Sermon 9-20-2015; ‘Noah’

Genesis 6:5-22

 

 

No one can say that scripture is boring.  Not if you read the early chapters of Genesis!  God makes the world and destroys in within eight chapters.  That’s the first twelve pages of my Bible!  God made everything in all creation and pronounced it ‘good’.  Within a short time, it’s not so good anymore.  Here’s the naked truth…  Humankind, like Adam and Eve, have chosen to find wisdom and knowing in their own way, rather than experiencing it through their companionship and trust of God.  By the time we reach Genesis, chapter 6, we read that “The Lord saw that the wickedness of humankind was great in the earth, and that every inclination of the thoughts of their hearts was only evil continually.  And the Lord was sorry that he had made humankind on the earth, and it grieved him to his heart.’

 

This is the part of the Noah’s Ark story that we don’t often hear.  We didn’t sing it this morning in the Children’s Song [Arky, Arky].  We don’t see it on the walls of Children’s Nurseries.  But it’s a part of the story.  Many flood stories from ancient times and places… the story of Noah is not new.  What does this story teach us today?

 

One person can really make a difference.  Is that person you?  Are you Noah to your family, to your Meeting, to your street or neighborhood?  Are you Noah to your company? To your community?  To your world – however far that extends?  In all of creation, God could find only one person who could make a difference – Noah found favor with God.  Noah walked with God.  Noah paced himself with God’s steps.  Noah enjoyed God’s companionship.  Noah moved with God – not ahead of God, but with God.  Are you Noah?

 

By the time of Noah, all the earth was corrupt.  It was filled with violence. And God told Noah he would destroy it.  The Hebrew word for corrupt – ‘shachath’ – is the same word for destroy. ‘Because of their shachat, I will shachat.’  The punishment fits the crime. The whole world for the whole world.  God will allow humanity to endure the consequences of their own choices. 

 

Yesterday was my grandson’s birthday.  Benjamin turned 5 years old.  When I called and spoke to his dad, Seth told me they were struggling with celebrating and disciplining – all at the same time.  A few days before, Ben had taken off running – escaping his parents by at least a block or so, and scared them to death.  He has no fear, no restraint – this little man!  Seth told me they were shaping his punishment to teach him – to hold him accountable.  In the Noah story, humankind had taken off running from God, and now, finally, with every inclination only evil, with violence and corruption, with creation untended and violated, they would be held accountable.   

 

God remembered Noah.  God knew Noah.  God came to Noah, and told him of God’s plan and promise.  Well before the rains came, Noah knew.  And Noah did just as God commanded him.  He built an ark.  He put his family inside – but not just his family.  Noah carried the family of creation.  Every animal, every creeping thing, every bird, everything that stirs on the earth went into the ark.  When Scott Russell Sanders spoke here Friday evening, he reminded us that all living things – not just some – were taken into Noah’s ark.  If it was in the world, God had wanted it in the world, and God wanted it to continue.  Noah was not given discretion to make choices of what would be included, and what not to take.  God wanted it all there.  Sanders spoke of the ark as the container that preserved everything – all things were valued – through troubled times. You never know what you might need when you land on solid ground again.

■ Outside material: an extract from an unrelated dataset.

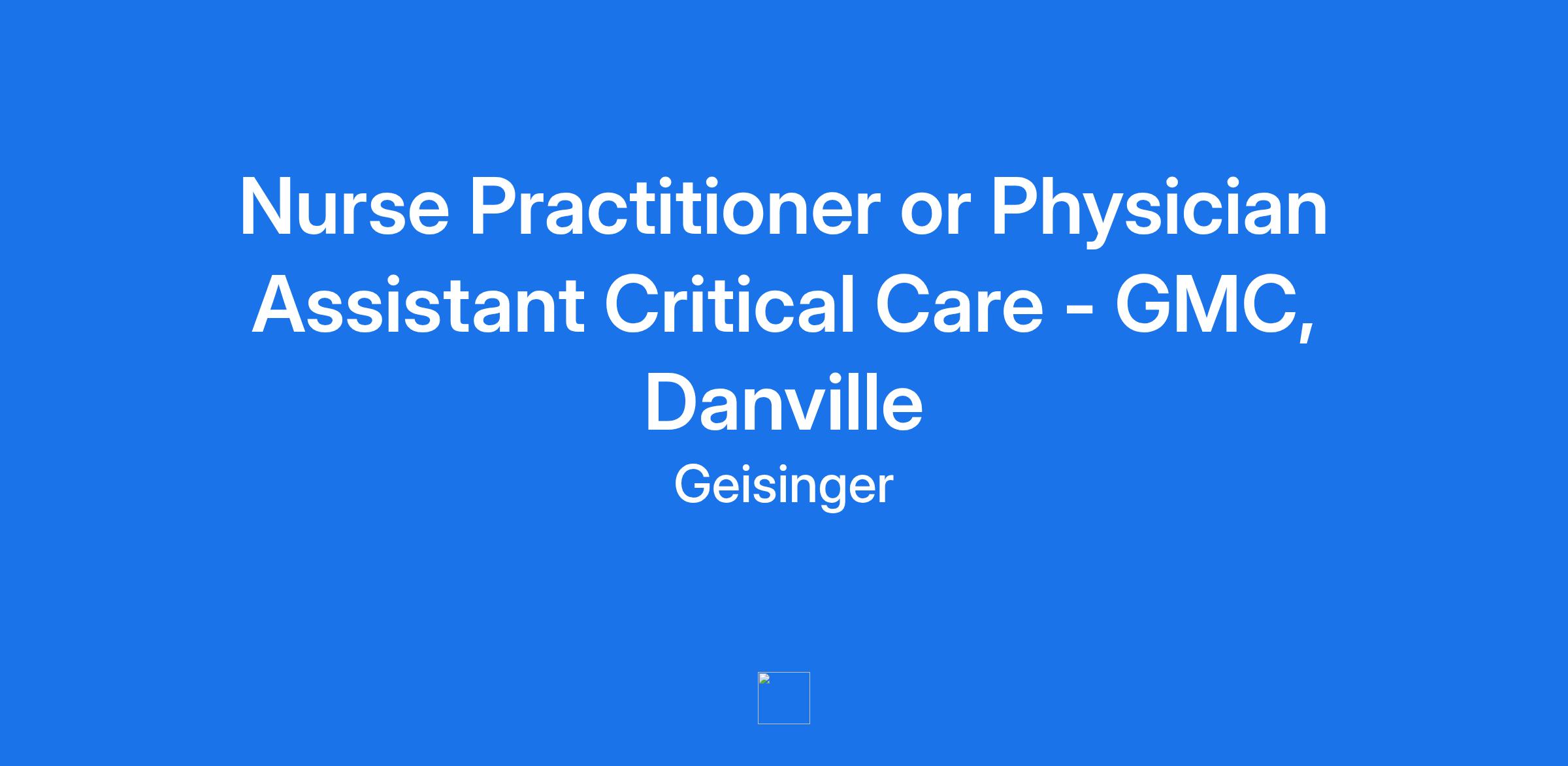 Nurse Practitioner or Physician Assistant Critical Care - GMC, Danville

The ark lands safely, once the flood waters subside, and God speaks to Noah again.  Humankind may never change – we may never honor God as was intended, but God has changed.  God’s heart has changed.  God makes a promise to Noah, and to all of us, that there will never be ‘shachath’ again – no flood will destroy the earth and all creation.  No one can deny our repeated offense to God against creation… the legitimate concern for pollution, for the destruction of land, the misuse of water, the rising temperature of the earth… God must be grieving again.  But God’s promise prevails.  The waters of the heavens and earth will remain separated, as they were at the first creation.  God intended re-creation of the world, once the ark landed, moves on. 

 

One person makes a difference.  One curator, one keeper, of creation.  One commitment to the wellbeing of creation, in all its forms.  One person who will stand against violence – against corruption.  One person who converses with God – who walks with God – who hears and pays attention to what God is thinking, doing, and hoping for God’s world – for us.  One Noah.  

 

Oh that our Meeting could be Noah for the world.  One Meeting, resolved to work together as stewards of creation – caring for creation concerns in our own city.  Known for our keeping of creation.  A ‘green team’ - wearing our First Friends tee-shirts, marked as those who’ve come from the ark, working together side by side, cleaning waterways, picking up litter, finding ways to walk with God, in and for creation.   

 

The American author, Edward Everett Hale once said, “I am only one, but still I am one. I cannot do everything; but still I can do something; and because I cannot do everything I will not refuse to do the something that I can do.”  Noah was only one person.  He was the only one.  One person can make a difference.  Is that person you?  One person can make a difference.  That person is you.